Ally is reclining against a couple of pillows, playing a handheld video game. When she sees me, a gorgeous smile crosses her face and it nearly brings me to my knees.

“Uncle Andy,” she says happily, her eyes lighting up. Her voice doesn’t sound as strong and cheerful as normal.

Becky jerks awake. “What’s wrong?” she asks, looking disoriented. It only takes her a second to realize everything is okay and see me standing by the bed. Her eyes flick to Jase standing behind me before returning to mine.

“Sorry, Mom,” Ally says with a frown.

“It’s okay, baby,” Becky leans downs and kisses the top of Ally’s head. “Hey, you two.”

Grabbing Jase’s hand, I step closer to the bed. “Hey, skittles. How’re you doing?”

She puckers her lips into a pout and says, “I’m okay. I feel better today.”

“That’s great, precious,” I sit on the edge of the bed, careful not to jostle her any. “I came to see how you’re doing and introduce you to someone.”

She looks behind me at Jase and then back to me, brows pulled down. “Is it him? Is that Jase?”

I turn to Jase and see surprise on his face. I may not have told my friends about Ally, Becky, and Brent, but they know all about my friends.

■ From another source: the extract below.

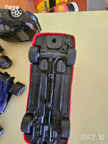 Предлагам 2 бр метални колички от колекцията SHELL MOTOSPORT, 1 бр метална, червена MITSUBISHI с отварящи врати, 1бр метална, черна MASERATI. Още две спортни, пластмасови коли.
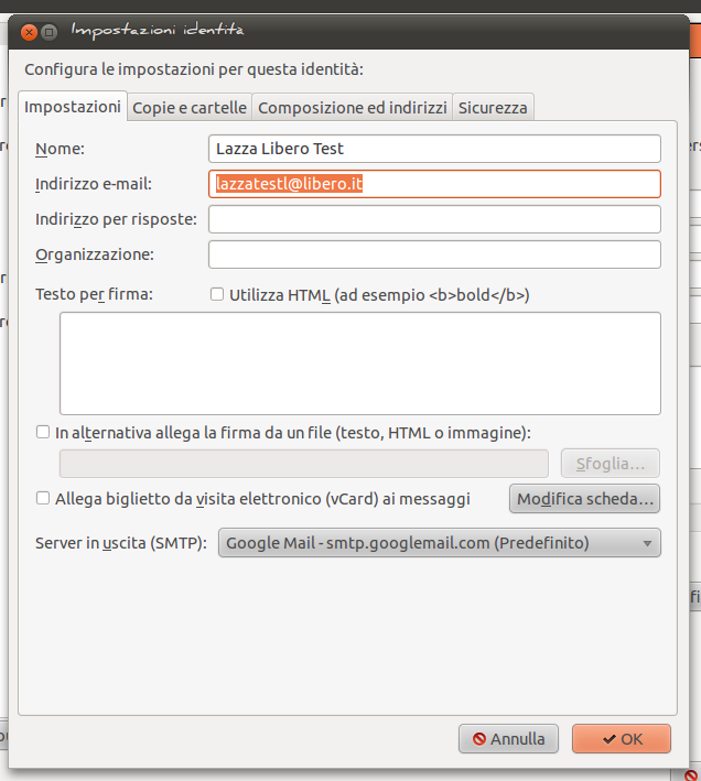 Sono riuscito a far funzionare tutto correttamente, ho solo un problemino.. non riesco a settare mail (v 5.2) per inviare con l’indirizzo di libero, come invece è ben spiegato per thunderbird: non trovo niente di simile a “gestione identità..” dici che c’è modo?

It was only a couple of days ago that I told Ally about Jase. She was excited about meeting him.

I pull him closer. Once he’s standing beside me, I tell Ally, “Yeah, this is my good friend, Jase. Jase, this beautiful girl is Ally.”

Ally watches him for a moment, before smiling and saying shyly, “Hello.”

I fall a little more for Jase as he lowers himself to his knees beside the bed, so he and Ally are face-to-face.

He gently grabs her hand and brings the back of it to his lips, placing a light kiss there. “Hey, sweetie. It’s an honor to meet you.”

She giggles her little girl laugh at his noble gesture.

I look over at Becky. She has her hand at her mouth, but I can see the corners tipping up into a smile. She has tears in her eyes.

“Do you like Skittles, Jase?” Ally asks, and I have to stifle a laugh. I know exactly where this is going.

“I do,” he responds, eyes crinkling at the corners.

“Do you think you can talk Uncle Andy into getting me some?”

Releasing Ally’s hand, Jase brings the tip of one finger up to his lips and gives it a tap.

“Hmm… I don’t know if I can do that,” he says, causing a frown to appear on Ally’s face. “But you can have this bag if you want.”

Surprising us all, Jase brings out a sharable-size bag of Skittles from the pocket of his cargo pants.